What needs to be done
In the listing below, print exactly the lines between the line holding "图1. 含PFAS的消费品示例。 packaging" and the line holding "PFAS的主要来源有：消防训", inclusive, and no more.

Source data
---+---

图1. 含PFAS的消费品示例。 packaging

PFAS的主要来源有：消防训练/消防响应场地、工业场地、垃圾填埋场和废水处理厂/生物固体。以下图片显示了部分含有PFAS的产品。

---+---

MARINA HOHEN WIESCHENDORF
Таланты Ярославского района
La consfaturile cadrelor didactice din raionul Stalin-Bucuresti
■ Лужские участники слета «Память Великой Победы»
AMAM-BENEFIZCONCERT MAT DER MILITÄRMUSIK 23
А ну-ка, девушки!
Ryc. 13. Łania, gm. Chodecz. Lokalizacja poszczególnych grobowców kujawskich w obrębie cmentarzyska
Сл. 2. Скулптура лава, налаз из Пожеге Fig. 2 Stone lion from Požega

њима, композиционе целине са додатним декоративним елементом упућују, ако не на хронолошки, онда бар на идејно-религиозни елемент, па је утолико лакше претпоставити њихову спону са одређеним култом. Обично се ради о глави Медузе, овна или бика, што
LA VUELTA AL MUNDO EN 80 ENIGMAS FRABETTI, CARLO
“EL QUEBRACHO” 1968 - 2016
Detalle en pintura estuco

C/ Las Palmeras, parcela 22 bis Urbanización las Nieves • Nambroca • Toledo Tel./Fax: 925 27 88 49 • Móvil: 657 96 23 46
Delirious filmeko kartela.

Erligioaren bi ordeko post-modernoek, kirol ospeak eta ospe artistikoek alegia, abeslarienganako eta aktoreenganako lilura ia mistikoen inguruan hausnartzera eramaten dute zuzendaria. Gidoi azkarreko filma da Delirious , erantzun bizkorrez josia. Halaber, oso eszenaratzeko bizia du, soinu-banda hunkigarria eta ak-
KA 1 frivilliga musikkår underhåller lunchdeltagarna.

---+---

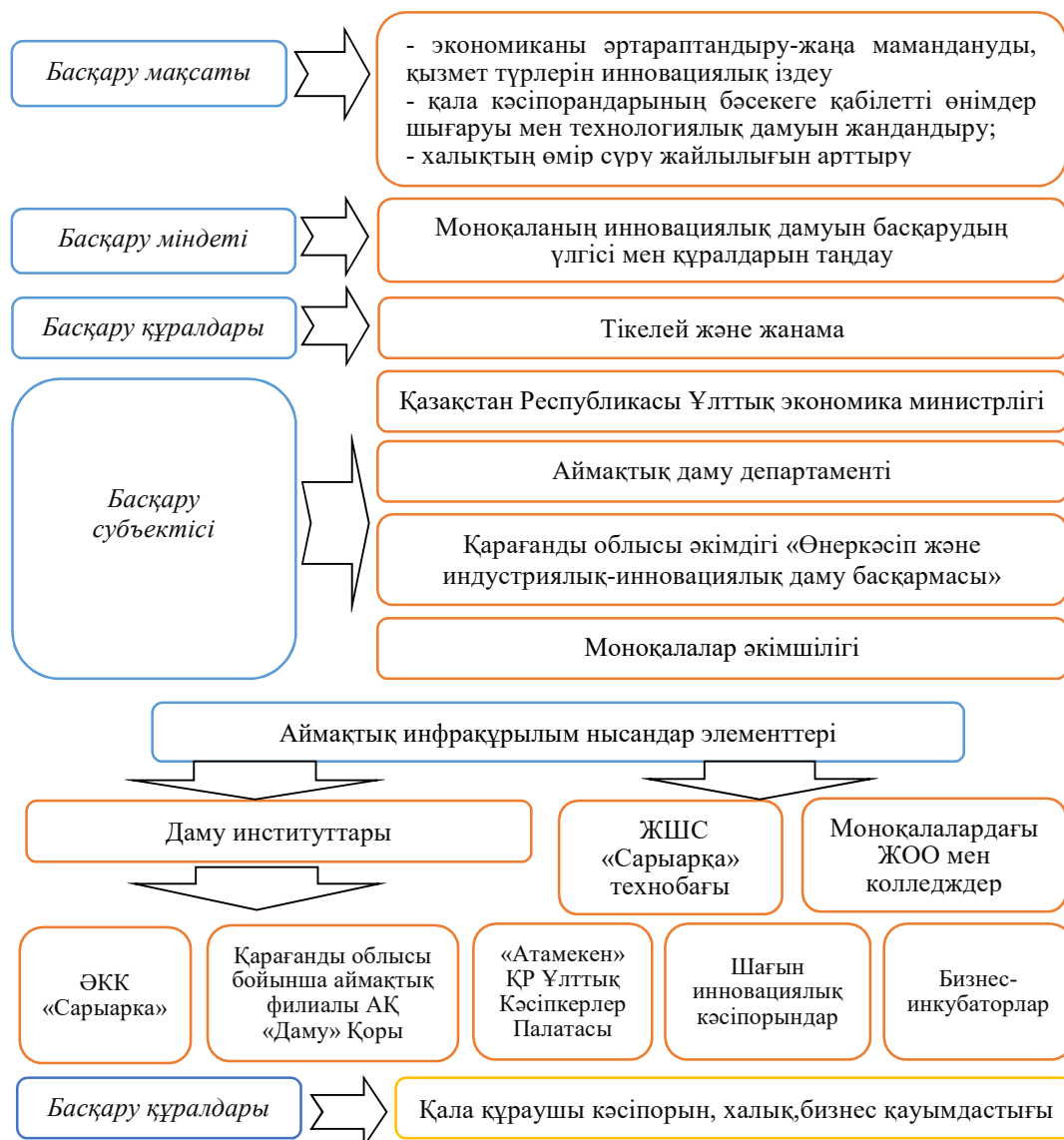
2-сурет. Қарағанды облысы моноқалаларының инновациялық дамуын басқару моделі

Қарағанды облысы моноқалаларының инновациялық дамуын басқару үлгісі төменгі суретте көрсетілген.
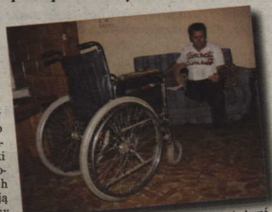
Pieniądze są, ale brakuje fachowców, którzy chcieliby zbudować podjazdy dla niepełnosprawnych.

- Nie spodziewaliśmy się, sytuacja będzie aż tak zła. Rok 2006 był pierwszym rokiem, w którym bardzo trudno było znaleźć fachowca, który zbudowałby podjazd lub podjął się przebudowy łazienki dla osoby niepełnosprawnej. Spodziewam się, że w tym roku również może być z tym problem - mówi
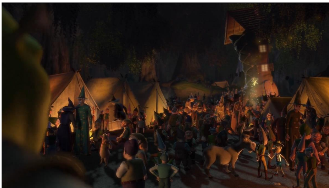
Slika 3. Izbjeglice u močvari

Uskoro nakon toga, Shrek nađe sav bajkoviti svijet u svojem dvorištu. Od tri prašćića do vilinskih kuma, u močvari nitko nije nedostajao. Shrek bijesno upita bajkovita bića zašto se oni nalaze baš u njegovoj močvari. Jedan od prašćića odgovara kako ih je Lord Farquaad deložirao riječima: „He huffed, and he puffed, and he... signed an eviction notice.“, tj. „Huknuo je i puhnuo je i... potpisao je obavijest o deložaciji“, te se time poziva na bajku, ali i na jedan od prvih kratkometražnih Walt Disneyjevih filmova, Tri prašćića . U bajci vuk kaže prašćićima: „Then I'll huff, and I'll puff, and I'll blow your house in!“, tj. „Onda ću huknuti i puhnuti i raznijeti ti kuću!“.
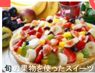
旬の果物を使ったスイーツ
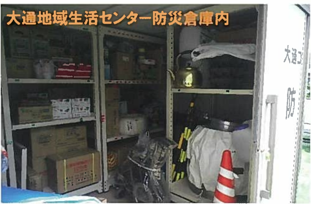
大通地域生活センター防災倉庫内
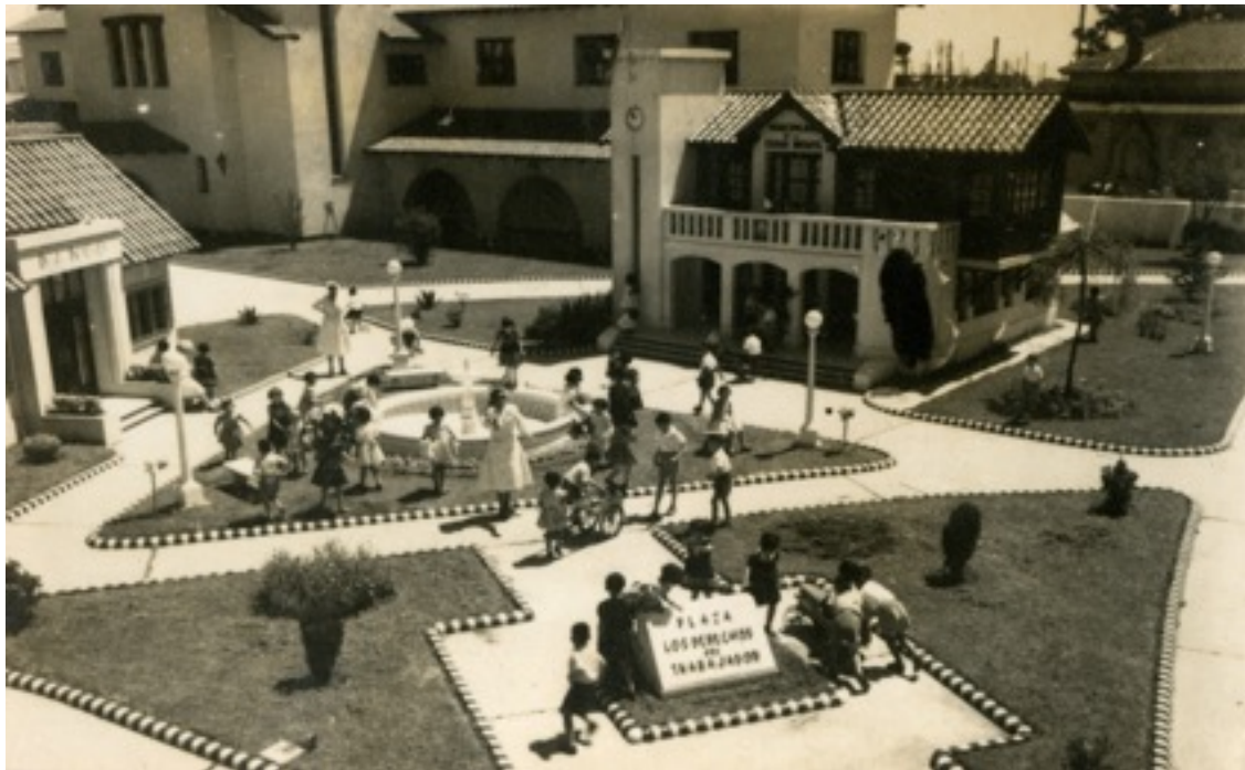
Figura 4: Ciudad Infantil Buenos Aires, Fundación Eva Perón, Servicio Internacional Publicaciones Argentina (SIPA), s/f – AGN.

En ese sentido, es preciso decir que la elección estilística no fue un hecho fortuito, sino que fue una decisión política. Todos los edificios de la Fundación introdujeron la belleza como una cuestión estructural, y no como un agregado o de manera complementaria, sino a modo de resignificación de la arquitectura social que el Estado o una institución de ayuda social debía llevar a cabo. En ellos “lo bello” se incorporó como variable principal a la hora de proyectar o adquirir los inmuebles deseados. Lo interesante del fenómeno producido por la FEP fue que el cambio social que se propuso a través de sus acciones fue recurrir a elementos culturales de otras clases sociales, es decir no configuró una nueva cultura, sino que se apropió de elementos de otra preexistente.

---+---

Output for this exercise
图1. 含PFAS的消费品示例。 packaging

PFAS的主要来源有：消防训练/消防响应场地、工业场地、垃圾填埋场和废水处理厂/生物固体。以下图片显示了部分含有PFAS的产品。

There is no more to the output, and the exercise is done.